Don’t cross-examine me or put on any pressure
, was the look Harry sent her – expressing defiance as he amassed his pile of cures.
‘You can see there’s a lot been happening here, it’s my pharmacopoeia.’
‘Dear Harry,’ Sylvia advanced and kissed him on the cheek. ‘I’m sorry I couldn’t do my shift for Sonia last night, things just didn’t work out for the return drive.’
‘It was a good night. It was a bloody good night. The best night for a long time. We did well without you.’
‘Where’s Max?’ she said.
‘Gone to the fire shed,’ said Nick, ‘to hang out with that bunch of old pyros who’ve never voted for him.’
‘Except they love him like a brother,’ said Harry.
‘Every Sunday morning it’s the same,’ said Nick. ‘He goes to the bakery, gets a bag of pastries and takes them over there. Where does it lead? It goes nowhere.’

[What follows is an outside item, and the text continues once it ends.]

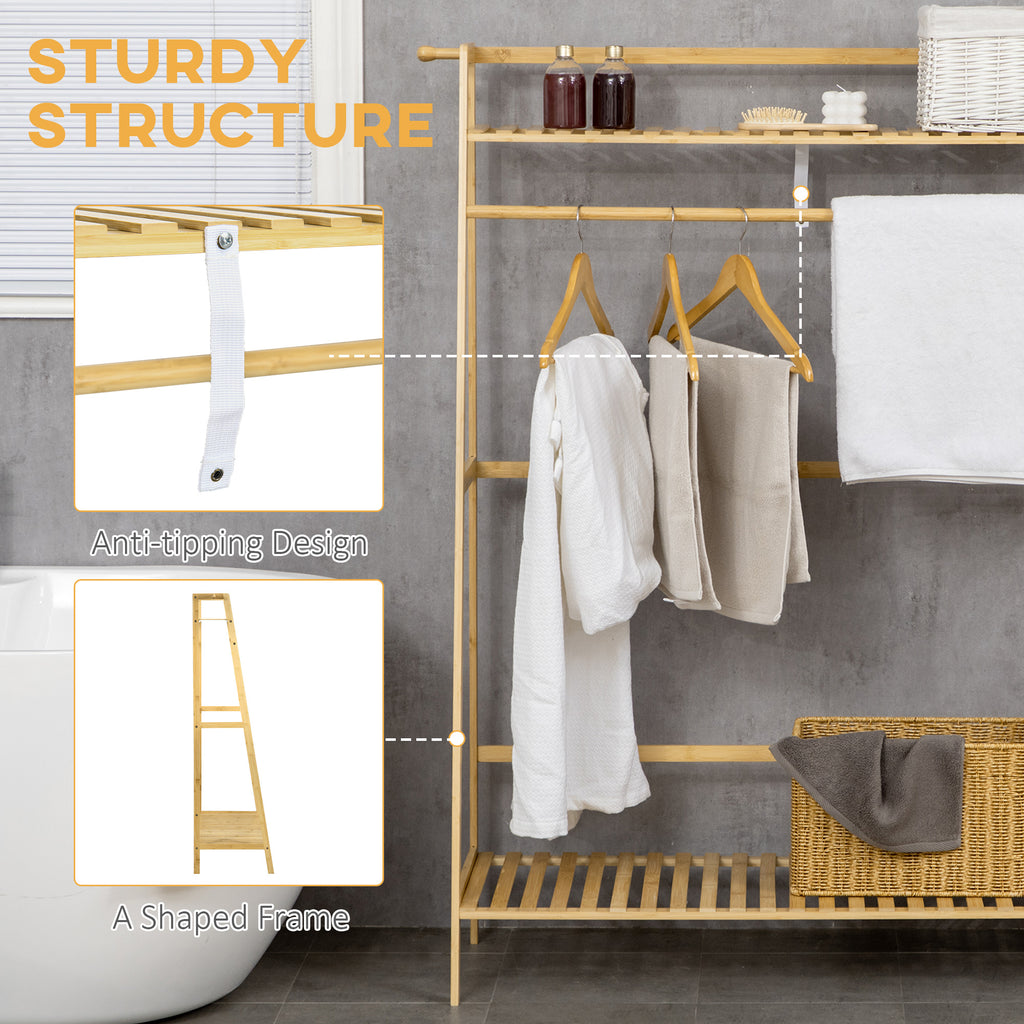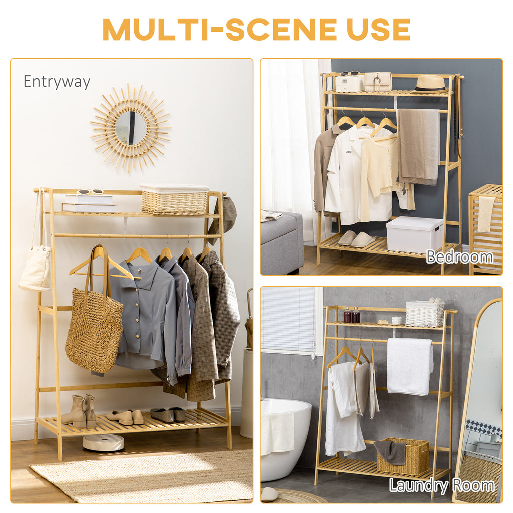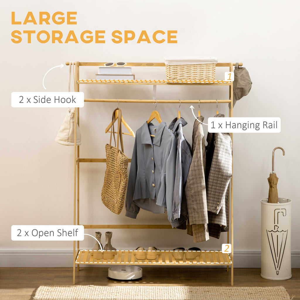 Appendiabiti 2 Ripiani 114x40x139 cm con Barra in Bambù Naturale

Sylvia remembered the words used by Wendy, the identical tone of thrust and exasperation after Max ran his car into the water:
Where does it lead? It goes nowhere.
The instincts of a PR hack were honed on disappointment. Failure created space for a role, lack of a considered position called not for brilliance but delaying tactics. From Tiger’s years of working with Max he knew how a point came when Max lost nerve, lost his way, and Tiger became stronger. The drive Max had taken into the tidal mangroves had precedents. There would be an important meeting, a celebratory lunch with clients. While the chairs were being shuffled Tiger would look up and Max would be gone. Next day he’d phone from Adelaide or Brisbane. ‘Can you follow this through?’ he’d say, vague, wishy-washy, floaty. ‘Too many irons in the fire.’